I have provided an adapter to ensure counts are in the range [0, +∞). This is to be explicitly applied by user, rather than built into the functions, so that it imposes no penalty on code that doesn't use it. Other features I might add in future, but not provided here, are:
- Find other percentiles, not just median.
- Support "wide" bins as well as single values.
- Validation adapter to check that the values are ordered.
- Validation of known-total computation to ensure that the total is correct.
#include <cmath>
#include <concepts>
#include <iterator>
#include <numeric>
#include <stdexcept>
#include <ranges>
#include <tuple>
namespace median
{
// Median result types - allow indication of integer-and-a-half
template<typename T>
struct result {};
template<std::floating_point T>
struct result<T> {
T value;
result(T mid) : value{mid} {}
result(T left, T right) : value{std::midpoint(left, right)} {}
operator T() const { return value; }
auto as_double() const { return value; }
};
template<std::integral T>
struct result<T> {
T whole_part;
bool plus_half;
result(T mid)
: whole_part{mid},
plus_half{false}
{}
result(T left, T right)
: whole_part{std::midpoint(left, right)},
plus_half{left % 2 != right % 2}
{
if (plus_half && right < left) { --whole_part; }
}
auto as_double() const { return static_cast<double>(whole_part) + 0.5 * plus_half; }
explicit operator T() const { return whole_part; }
explicit operator double() const { return as_double(); }
};
// Range adapters for verifying range values
auto const checked_histogram = std::views::transform([](auto&& val) {
if constexpr (requires{ std::get<1>(val); }) {
auto const& [i,count] = val;
if (count < 0 || !std::isfinite(count)) {
throw std::domain_error("invalid histogram entry");
}
} else {
if (val < 0 || !std::isfinite(val)) {
throw std::domain_error("invalid histogram entry");
}
}
return val;
});
// A histogram is an ordered range of {value, count} pairs.
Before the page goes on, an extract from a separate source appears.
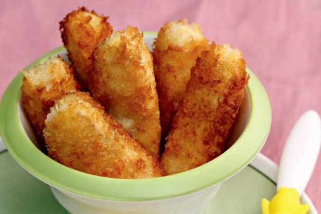 Ингредиенты: филе трески 600 г ---------------------- яйца 3-4 шт. ---------------------- сухари панировочные 200 г ---------------------- мука 130 г ---------------------- масло оливковое Приготовление: ШАГ 1 Филе трески нарезать полосками толщиной в два или три сантиметра. ШАГ 2 Кусочки рыбы обвалять сначала в муке с солью и молотым перцем, затем – во взбитых подсоленных яйцах, в заключение – в панировочных сухарях. ШАГ 3 Противень застелить фольгой, выложить кусочки филе на расстоянии друг от друга. ШАГ 4 Прикрыть вторым листом фольги, подержать в холоде полчаса. ШАГ 5 Жарить на оливковом масле с двух сторон до корочки. ШАГ 6 Рыбные палочки выложить на полотенце из бумаги, оставить для впитывания излишков жира. Другой вариант – блюдо можно запечь в духовке. СОВЕТ К блюду можно приготовить салат из свежих помидоров, огурцов. Приятного Вам аппетита!

// Alternatively, a range of counts can be provided and the
// values 0, 1, 2, ... will be inferred.
// Median of a bidirectional histogram
template<std::ranges::bidirectional_range R>
auto from_histogram(R const& input)
-> result<std::remove_cv_t<std::tuple_element_t<0,std::ranges::range_value_t<R>>>>
requires requires(std::ranges::range_value_t<R> value) { std::get<1>(value); }
{
auto left = input.cbegin();
auto right = input.cend();
if (left == right) {
throw std::domain_error("empty histogram");
}
auto constexpr value = [](std::indirectly_readable auto iter){ return std::get<0>(*iter); };
auto constexpr count = [](std::indirectly_readable auto iter){ return std::get<1>(*iter); };
auto constexpr has_positive_count = [](auto const& pair){ return std::get<1>(pair) > 0; };
auto left_sum = count(left);
auto right_sum = count(--right);
while (left != right) {
// Reduce sums so that at least one of them is zero
if (left_sum > right_sum) {
left_sum -= right_sum;
right_sum = 0;
} else {
right_sum -= left_sum;
left_sum = 0;
}
// advance one of the iterators
if (left_sum) {
right_sum += count(--right);
} else if (right_sum) {
left_sum += count(++left);
} else {
// left and right sums both zero
auto const it = std::find_if(std::next(left), right, has_positive_count);
if (it == right) {
return {value(left), value(right)};
}
left_sum += count(left = it);
}
}
return value(left);
}
// Median of a forward-only histogram
template<std::ranges::forward_range R>
auto from_histogram(R const& input)
-> result<std::remove_cv_t<std::tuple_element_t<0,std::ranges::range_value_t<R>>>>
requires (not std::ranges::bidirectional_range<R>)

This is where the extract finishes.